# Leprechaun "Dirty Unicorn"



## chongmagic (Jun 23, 2019)

I just drilled it as best I could. The drill template was online right after I finished, but it worked.









						New item by Jonathan Freeman
					






					photos.app.goo.gl
				












						New item by Jonathan Freeman
					






					photos.app.goo.gl
				




Sounds crazy just like the real deal!


----------



## Jovi Bon Kenobi (Jun 23, 2019)

Well done! You earned your speed badge long ago, huh


----------



## geekmacdaddy (Jun 23, 2019)

cool pedal, cool build.


----------



## chongmagic (Jun 23, 2019)

Jovi Bon Kenobi said:


> Well done! You earned your speed badge long ago, huh



Thank you!


----------



## chongmagic (Jun 23, 2019)

geekmacdaddy said:


> cool pedal, cool build.


Thanks Geek!


----------



## griff10672 (Jun 23, 2019)

very nice !!


----------



## prairiestate (Jun 23, 2019)

Awesome! How are you liking it? Any neat pairings with other pedals?


----------



## p_wats (Jun 24, 2019)

Wow! That was fast. I've got parts on the way for this one. Looks great!


----------



## wastedspaceman (Jun 25, 2019)

It looks like it might but do you think there's room for a relay bypass board for the magic switch?


----------



## chongmagic (Jun 26, 2019)

wastedspaceman said:


> It looks like it might but do you think there's room for a relay bypass board for the magic switch?



It would possibly fit. I would probably use it for the main bypass switch instead if I were going that route.


----------



## Robert (Jun 26, 2019)

wastedspaceman said:


> It looks like it might but do you think there's room for a relay bypass board for the magic switch?



The standard relay board isn't wired correctly for the Magic switch.    I'll have one soon that would work.


----------



## p_wats (Jun 26, 2019)

Robert said:


> The standard relay board isn't wired correctly for the Magic switch.    I'll have one soon that would work.

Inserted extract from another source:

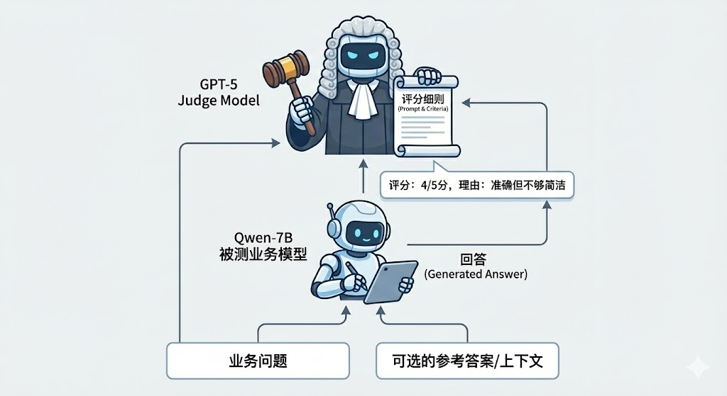 核心逻辑:用一个更强、更聪明的模型(比如 GPT-5)当裁判,去给业务模型(比如 Qwen3-7B 的小模型)打分。

Could you use the standard relay board, but wire the connections to the main PCB differently?


----------



## wastedspaceman (Jun 26, 2019)

Robert said:


> The standard relay board isn't wired correctly for the Magic switch.    I'll have one soon that would work.


Ahh thanks for the heads up. I'll be on the look out for the new board


----------



## xixaro (Aug 17, 2019)

Hello,

mine is working, but I am experiencing some sizzle and end distortion, making the effect sound dirty.
Do you confirm?

Thank you

3 samples sounds here - clean - fx 1 - fx 2
sample sound


----------



## p_wats (Aug 17, 2019)

xixaro said:


> Hello,
> 
> mine is working, but I am experiencing some sizzle and end distortion, making the effect sound dirty.
> Do you confirm?
> ...



No distortion on mine.


----------



## chongmagic (Aug 17, 2019)

No distortion on mine either.


----------